Departments should be given proper funding. First, we raised the issue of hedgerows and it has finally been included after four years of knocking at the door. Second, the report on methane in regard to suckler cows shows that using seaweed products has brought that down by 79%. These are the angles we should be looking at, not kicking farmers and saying we should be culling half or three quarters of the national herd.

There is a situation in the midlands, because of this so-called low carbon environment, whereby people have no jobs. We had temporary workers at Bórd na Mona but where are they today? They are unemployed. This is happening right across parts of rural Ireland. However, the people in the cities still want to make sure they have a light to turn on. Security of electricity supply is very important, especially for business. I fear that with this whirlwind we are on about at the moment, we could end up not being able to produce electricity in our country at times, and we will be relying on somebody else.

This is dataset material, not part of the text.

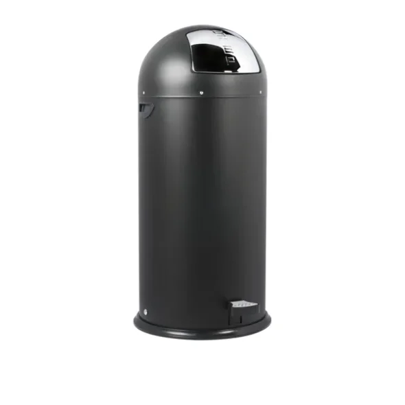 Tillverkad i pulverlackerat stål. Push-bin med pedalfunktion i metall samt plast. Invändigt finns ytterligare hink i metall, där eventuell plastpåse monteras. På sidan finns två handtag i plast. I botten är en gummikant monterad, så hinken är halkfri.
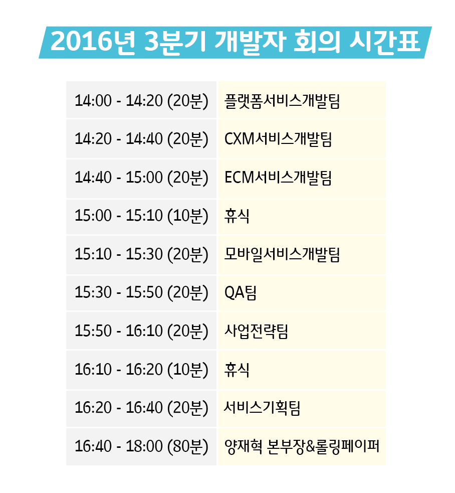 이번 회의에 발표 진행 순서로는 먼저 신규 입사자들의 간단한 자기소개를 시작으로 플랫폼 서비스 개발팀, CXM 서비스 개발팀, ECM 서비스 개발팀, 모바일 서비스 개발팀, QA팀, 사업전략팀, 서비스 기획팀 순으로 각 팀의 팀장이 발표를 진행하였으며, 발표 내용 중간중간에 재밌는 이미지와 동영상들이 많아 보는 사람이 지루하지 않게 발표가 이어졌답니다.

Under the farm to fork strategy and the biodiversity strategy that Europe is pushing forward, we as a nation are being asked to designate over 30%. When we talk about offshore wind, that will mean 30% out in the Porcupine area and along the west coast. Every type of objector will object to the wind turbines going up in the sea as well, so how is this going to add up?

As public representatives, we need to stand up for the agricultural sector. The biodiversity strategy states that if people have peat land in the mountains where sheep are reared, they would let that back into the wild. From the top of Donegal to the bottom of Kerry, perhaps excluding parts of Limerick, we are going to destroy family farms throughout that area.

We need to cop on and know what we are going to do. Are we going to let these family farms go? If anyone goes down to Listowel in Kerry or goes to a dairy production area, they will find it is reclaimed peatland. What the EU is proposing is to get rid of the Common Agricultural Policy, CAP, payment on those peatlands. It is there in black and white in the document under the biodiversity strategy and the new CAP policy. This is detrimental to people and families living in those areas. Some of the farming organisations have been very quiet about this and do not seem to want to comment. However, what I can see, and I have said it many times, is that many people would like to see a theme park Ireland from Donegal down along the west coast and to let the rest keep producing what the people need. That is not going to happen, I can guarantee the House, because we in the west are not going to accept it.